FIG. 1 is a partial perspective view of a tandem suspension system according to an embodiment of the present invention, FIG. 2 is a cross-sectional view of a central bushing according to the present invention showing the bushing in an unloaded state, and FIG. 3 is a conical suspension according to an embodiment of the present invention. FIG. 4 is a cross-sectional view similar to FIG. 2 showing the bushing under stress; FIG. 4 is a cross-sectional view showing another embodiment of the bushing under conical stress; FIG. 1 is a schematic diagram of a tandem suspension showing an axle and a wheel riding on a bump; FIG. 11, 12...equalized beam, 15, 16...

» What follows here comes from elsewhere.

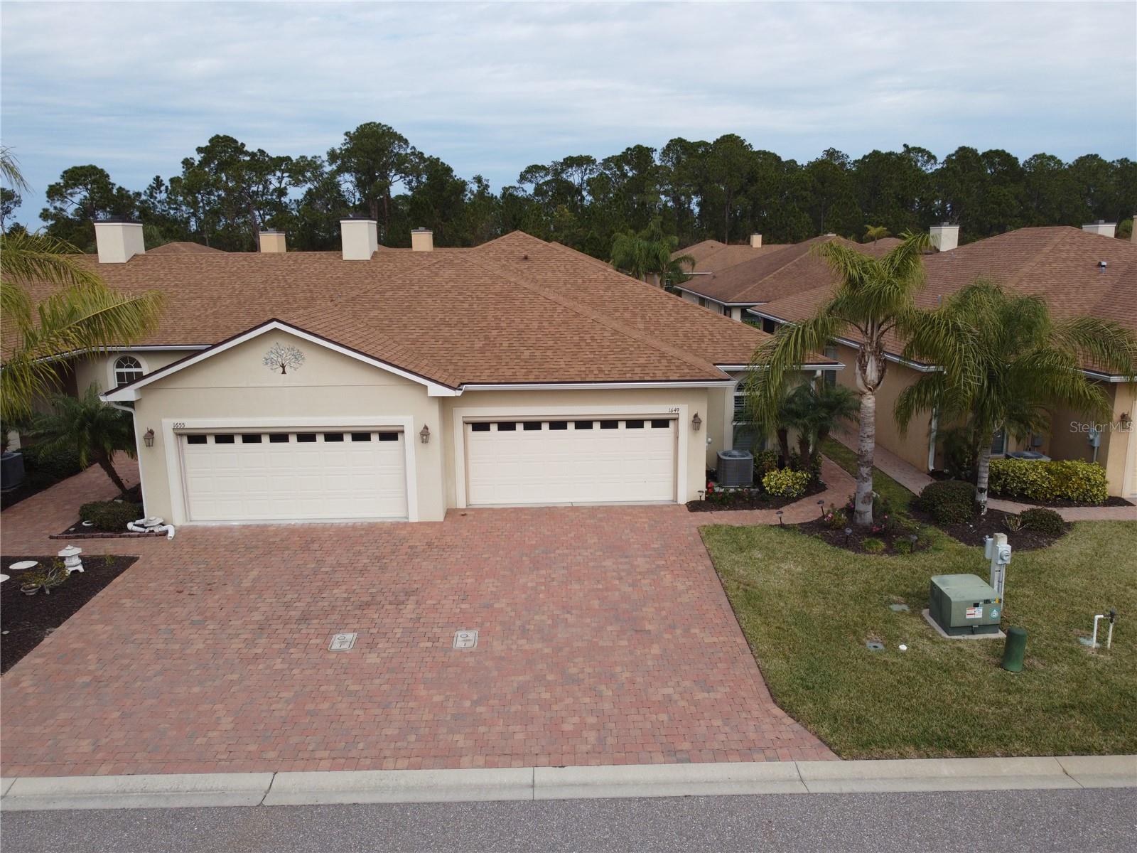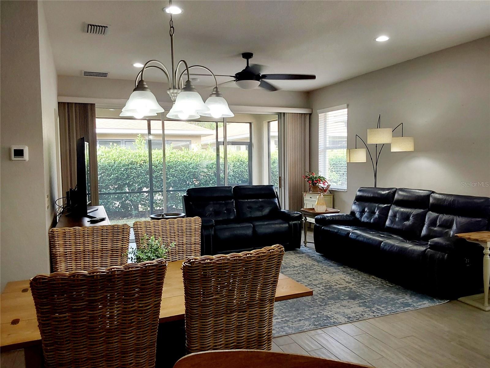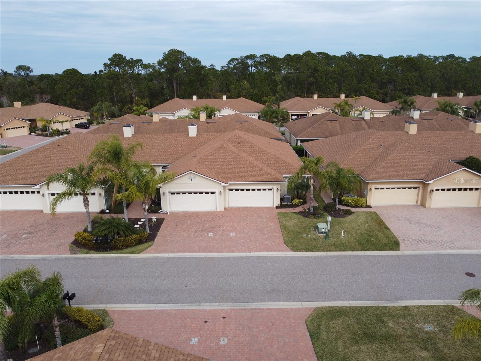 Back on the market at no fault of the Seller! This 55+ end unit villa boasts an impressive list of upgrades and luxurious features, perfect for a comfortable Florida lifestyle! The spacious interior includes a large kitchen with high-end appliances and banker cabinets, two full bathrooms and a master bedroom with its own walk-in custom built closet, walk in tile shower with built-in bench seating. The beautifully designed space is further enhanced by porcelain tile throughout featuring an ADA-compliant design. The screened in porch with retractable stacking sliding glass doors, offers seamless transition between indoor and outdoor living. The oversized 2-car garage is also equipped with a custom privacy screen! There is whole home water softner system and rain gutters were installed as well. The gated community offers residents a community pool, hot tub, fitness center, tennis courts, social events and more! Maintenance of exterior paint and roof replacement is included in the monthly HOA dues. Also included in the monthly fee is a Spectrum TV and Internet package as well as yard maintenance and irrigation. You don't want to miss the opportunity to call this home! Call today for a private showing!

End bracket, 19...Central bushing, 24
...Inner sleeve, 30...Outer sleeve,
31...Insert body.

Claims (1)

[Claims for Utility Model Registration] (1) (a) a pair of parallel equalizing beams, (b) supporting means for supporting the ends of each of the equalizing beams, and (c) each of the supporting means. end brackets mounted on a pair of connected isolated parallel transverse axles;
(d) a central bushing disposed in the center of each said equalizing beam; and (e) frame bracket means connected to said equalizing beam by said central bushing, each said central bushing comprising: It consists of an inner cylindrical sleeve, an outer cylindrical sleeve, and a cylindrical elastomer insert inserted between and bonded to the two cylindrical sleeves, the elastomer insert being a first portion that occupies almost the entire space between the two cylindrical sleeves and is in a radially compressed state; and a second portion having an annular end that is directionally and radially unrestricted. (2) A utility model registration claim characterized in that one of the cylindrical sleeves is radially deformed over its entire axial length to place the elastomer insert in a radially compressed state. The tandem suspension system according to claim 1. (3) The tandem suspension system according to claim 1, wherein the elastomer insert is compressed in the direction of its wall thickness at least to the extent that shrinkage stress is removed. (4) The tandem suspension device according to claim 1, wherein the axial length of the elastomer insert is at least 12 times the thickness of the elastomer insert. (5) The tandem according to claim 1, wherein the inner cylindrical sleeve is stretched to a tensioned state, and the elastomer insert is in a compressed state. Suspension system. (6) The tandem suspension system according to claim 5, wherein the elastomer insert is compressed in the direction of its wall thickness at least to the extent that shrinkage stress is removed. (7) The tandem suspension system according to claim 5, wherein the axial length of the elastomer insert is at least 12 times the thickness thereof.